[Dataset content Boundary: Start]

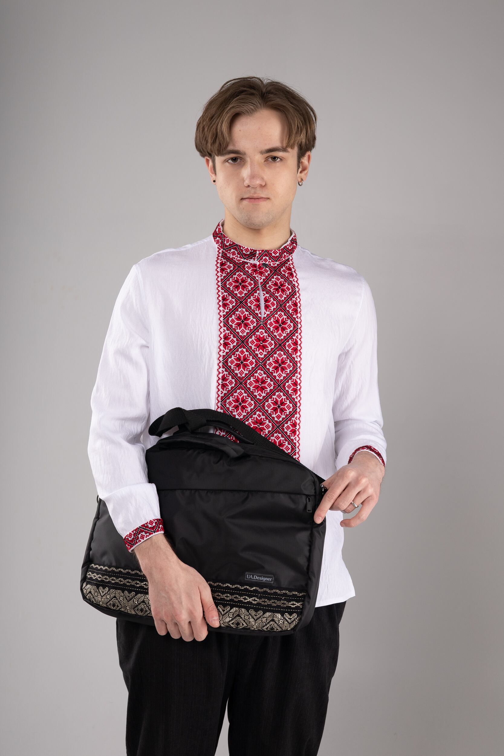 この作品は、ウクライナの伝統と美しさを象徴するヴィシヴァンカの刺繍を採用しています。
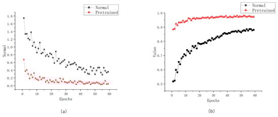 Comparison of the effects of pretrained models on model training: (a) loss value figure; (b) accurate figure.
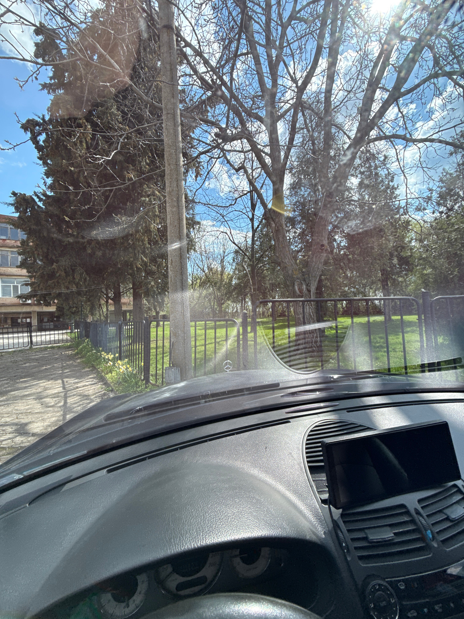 The view from inside a vehicle reveals an exterior scene. On the left, bare trees reach towards a sky dotted with clouds. Reflected in the windshield are the dashboard elements. Beyond the trees is a…read more
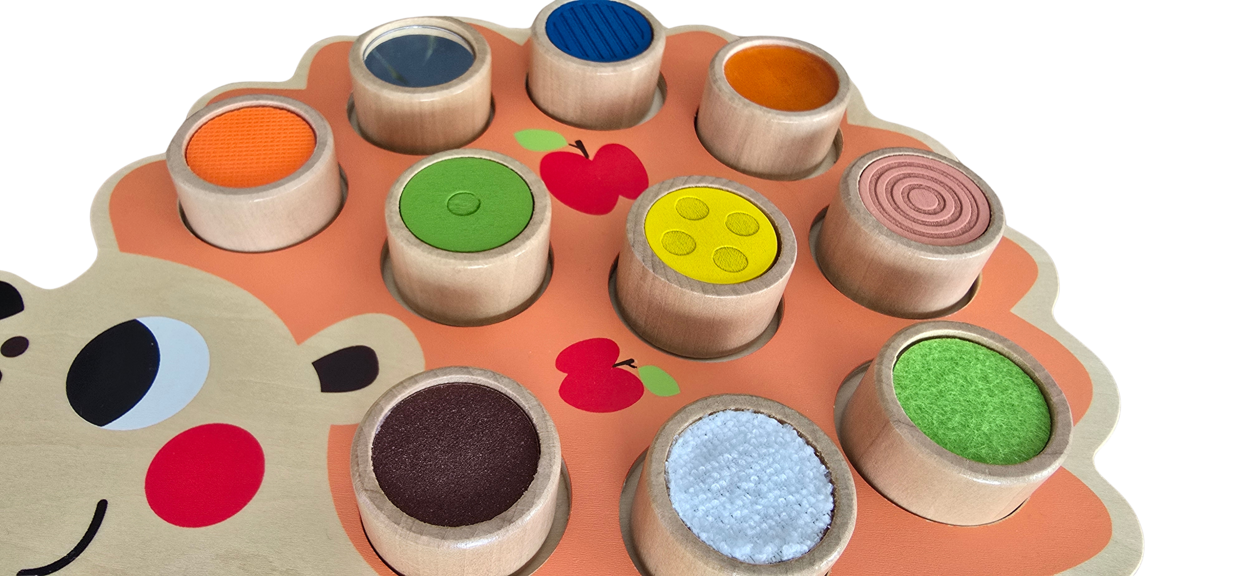 Drvena senzorna igračka Jež savršen je izbor za poticanje razvoja dječjih osjetila i finih motoričkih vještina. Dizajnirana u obliku simpatičnog ježića, igračka sadrži 11 različitih senzorskih elemenata koje dijete može dodirivati, prepoznavati i umetati na pravo mjesto.

[Dataset content Boundary: End]

• Required action:
This task calls for an exact copy of the data above, without pictures.

• Exercise response:
 この作品は、ウクライナの伝統と美しさを象徴するヴィシヴァンカの刺繍を採用しています。
 Comparison of the effects of pretrained models on model training: (a) loss value figure; (b) accurate figure.
 The view from inside a vehicle reveals an exterior scene. On the left, bare trees reach towards a sky dotted with clouds. Reflected in the windshield are the dashboard elements. Beyond the trees is a…read more
 Drvena senzorna igračka Jež savršen je izbor za poticanje razvoja dječjih osjetila i finih motoričkih vještina. Dizajnirana u obliku simpatičnog ježića, igračka sadrži 11 različitih senzorskih elemenata koje dijete može dodirivati, prepoznavati i umetati na pravo mjesto.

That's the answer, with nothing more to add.